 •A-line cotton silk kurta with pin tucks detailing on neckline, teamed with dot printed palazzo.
___
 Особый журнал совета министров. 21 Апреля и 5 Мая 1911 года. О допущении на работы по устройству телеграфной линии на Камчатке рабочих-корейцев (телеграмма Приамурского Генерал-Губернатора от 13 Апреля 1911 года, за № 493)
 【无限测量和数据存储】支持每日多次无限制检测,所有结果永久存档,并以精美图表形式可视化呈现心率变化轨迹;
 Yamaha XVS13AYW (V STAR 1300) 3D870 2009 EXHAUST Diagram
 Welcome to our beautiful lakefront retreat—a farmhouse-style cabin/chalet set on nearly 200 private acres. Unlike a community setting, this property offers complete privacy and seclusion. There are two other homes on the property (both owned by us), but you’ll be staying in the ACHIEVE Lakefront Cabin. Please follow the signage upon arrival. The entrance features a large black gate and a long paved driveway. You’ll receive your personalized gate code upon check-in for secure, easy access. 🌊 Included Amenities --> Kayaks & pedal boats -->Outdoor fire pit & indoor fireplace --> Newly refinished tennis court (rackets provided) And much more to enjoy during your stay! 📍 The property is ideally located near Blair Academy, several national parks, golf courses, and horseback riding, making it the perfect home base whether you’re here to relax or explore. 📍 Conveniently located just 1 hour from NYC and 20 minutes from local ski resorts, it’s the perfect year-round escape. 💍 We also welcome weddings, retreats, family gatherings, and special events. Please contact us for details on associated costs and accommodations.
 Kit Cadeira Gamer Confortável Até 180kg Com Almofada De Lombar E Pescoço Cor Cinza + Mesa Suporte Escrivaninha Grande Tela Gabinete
___
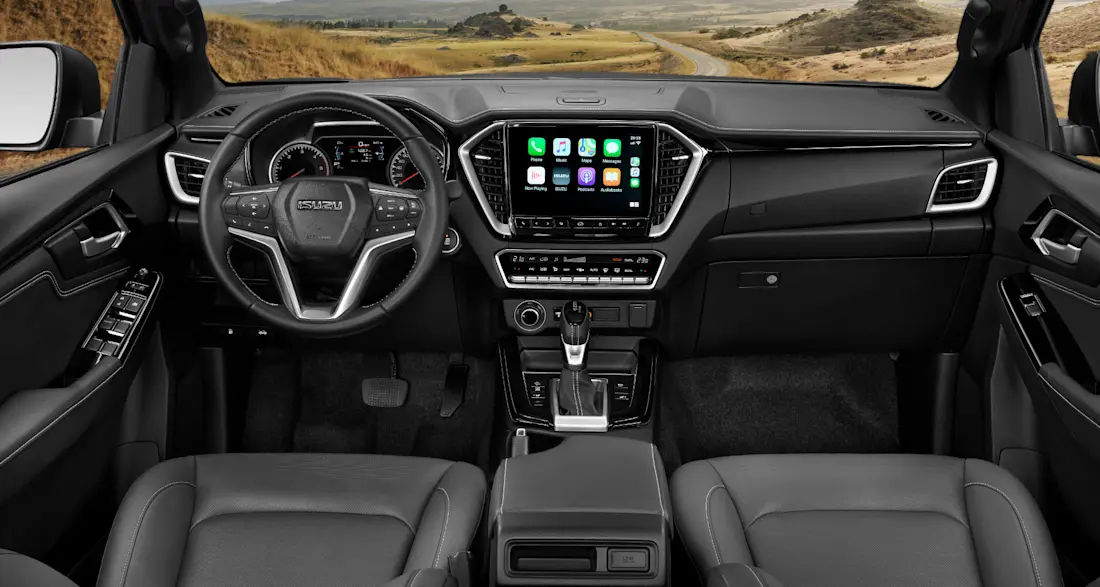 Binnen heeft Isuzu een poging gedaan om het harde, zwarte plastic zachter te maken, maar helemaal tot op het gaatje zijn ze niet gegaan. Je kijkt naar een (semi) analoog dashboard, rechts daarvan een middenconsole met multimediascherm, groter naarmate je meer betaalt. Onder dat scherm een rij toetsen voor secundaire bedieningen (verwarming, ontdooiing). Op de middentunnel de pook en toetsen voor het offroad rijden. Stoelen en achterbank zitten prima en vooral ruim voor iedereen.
___
- TASK TO COMPLETE: Look through the entries above and quote exactly the lines from the line with "Yamaha XVS13AYW (V" to the line with "Kit Cadeira Gamer", counting both of those lines.

- RESPONSE FOR THIS EXERCISE:
 Yamaha XVS13AYW (V STAR 1300) 3D870 2009 EXHAUST Diagram
 Welcome to our beautiful lakefront retreat—a farmhouse-style cabin/chalet set on nearly 200 private acres. Unlike a community setting, this property offers complete privacy and seclusion. There are two other homes on the property (both owned by us), but you’ll be staying in the ACHIEVE Lakefront Cabin. Please follow the signage upon arrival. The entrance features a large black gate and a long paved driveway. You’ll receive your personalized gate code upon check-in for secure, easy access. 🌊 Included Amenities --> Kayaks & pedal boats -->Outdoor fire pit & indoor fireplace --> Newly refinished tennis court (rackets provided) And much more to enjoy during your stay! 📍 The property is ideally located near Blair Academy, several national parks, golf courses, and horseback riding, making it the perfect home base whether you’re here to relax or explore. 📍 Conveniently located just 1 hour from NYC and 20 minutes from local ski resorts, it’s the perfect year-round escape. 💍 We also welcome weddings, retreats, family gatherings, and special events. Please contact us for details on associated costs and accommodations.
 Kit Cadeira Gamer Confortável Até 180kg Com Almofada De Lombar E Pescoço Cor Cinza + Mesa Suporte Escrivaninha Grande Tela Gabinete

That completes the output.